Task prompt
Would you retype the listing below word for word, without any of its pictures?

Source data

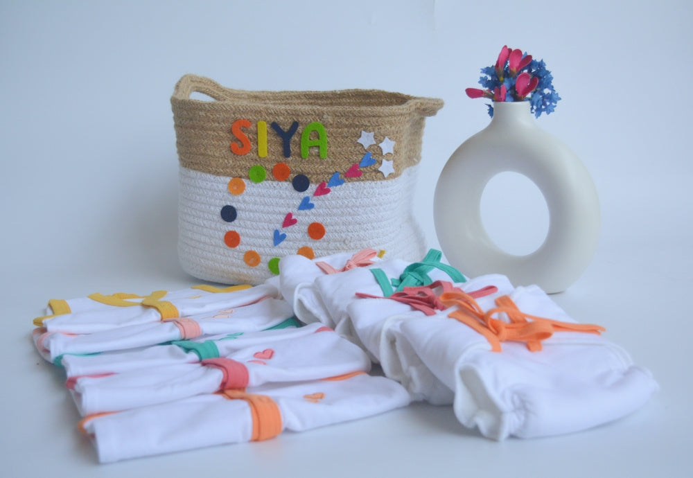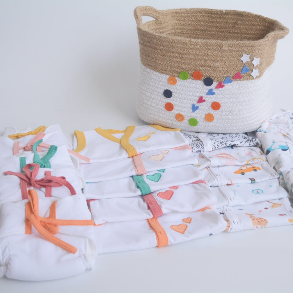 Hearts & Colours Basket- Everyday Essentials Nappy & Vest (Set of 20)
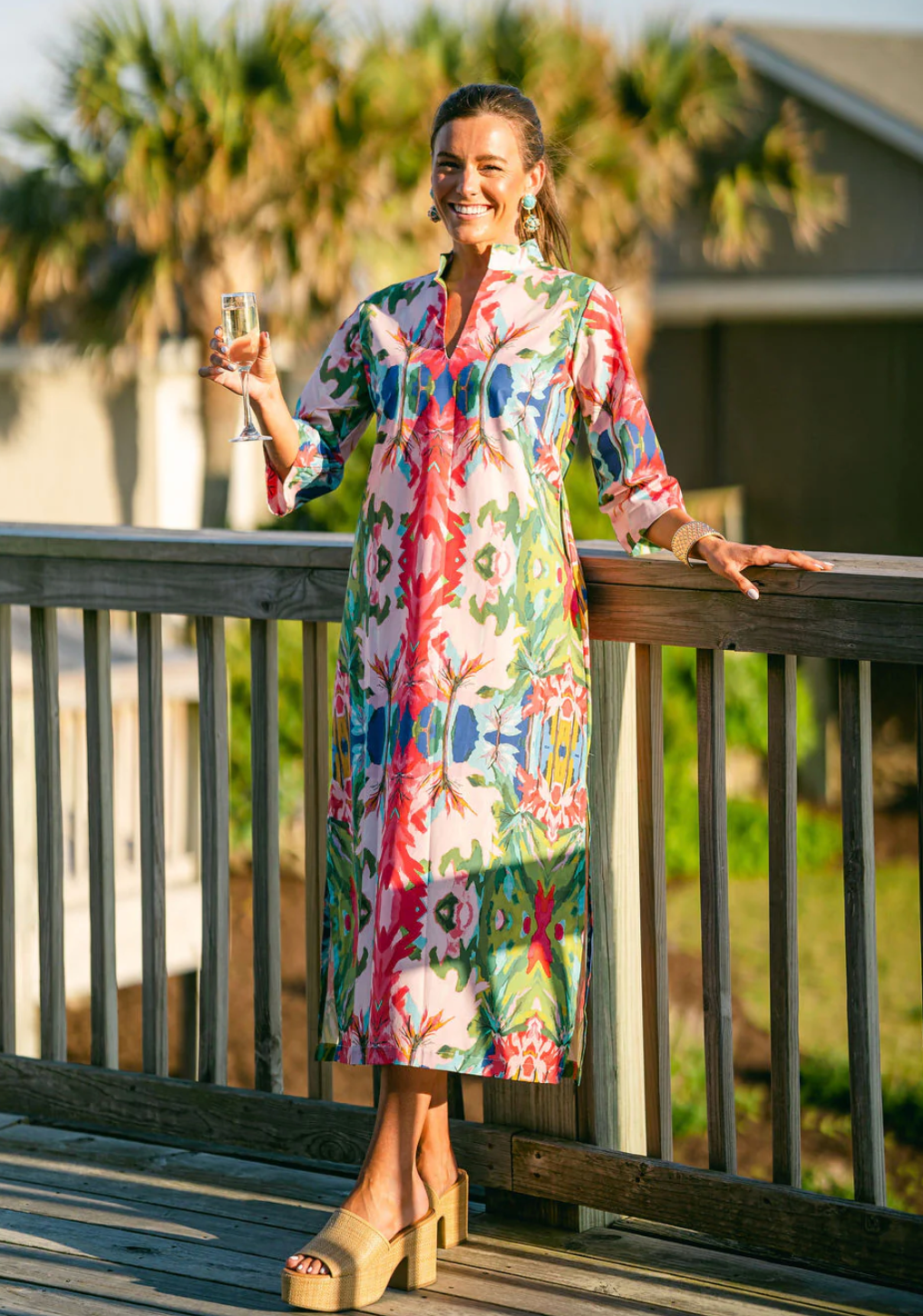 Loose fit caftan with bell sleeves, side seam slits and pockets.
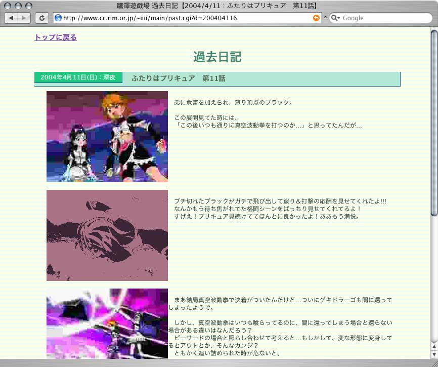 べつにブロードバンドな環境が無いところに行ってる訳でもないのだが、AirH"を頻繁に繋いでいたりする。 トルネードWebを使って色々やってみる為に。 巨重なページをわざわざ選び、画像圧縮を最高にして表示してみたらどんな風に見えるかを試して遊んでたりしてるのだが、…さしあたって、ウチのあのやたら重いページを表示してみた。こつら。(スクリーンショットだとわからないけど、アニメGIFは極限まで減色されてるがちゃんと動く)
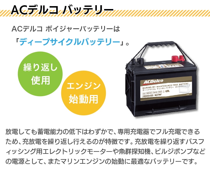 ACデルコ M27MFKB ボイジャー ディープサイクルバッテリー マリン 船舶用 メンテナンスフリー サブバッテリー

Solution
 Hearts & Colours Basket- Everyday Essentials Nappy & Vest (Set of 20)
 Loose fit caftan with bell sleeves, side seam slits and pockets.
 べつにブロードバンドな環境が無いところに行ってる訳でもないのだが、AirH"を頻繁に繋いでいたりする。 トルネードWebを使って色々やってみる為に。 巨重なページをわざわざ選び、画像圧縮を最高にして表示してみたらどんな風に見えるかを試して遊んでたりしてるのだが、…さしあたって、ウチのあのやたら重いページを表示してみた。こつら。(スクリーンショットだとわからないけど、アニメGIFは極限まで減色されてるがちゃんと動く)
 ACデルコ M27MFKB ボイジャー ディープサイクルバッテリー マリン 船舶用 メンテナンスフリー サブバッテリー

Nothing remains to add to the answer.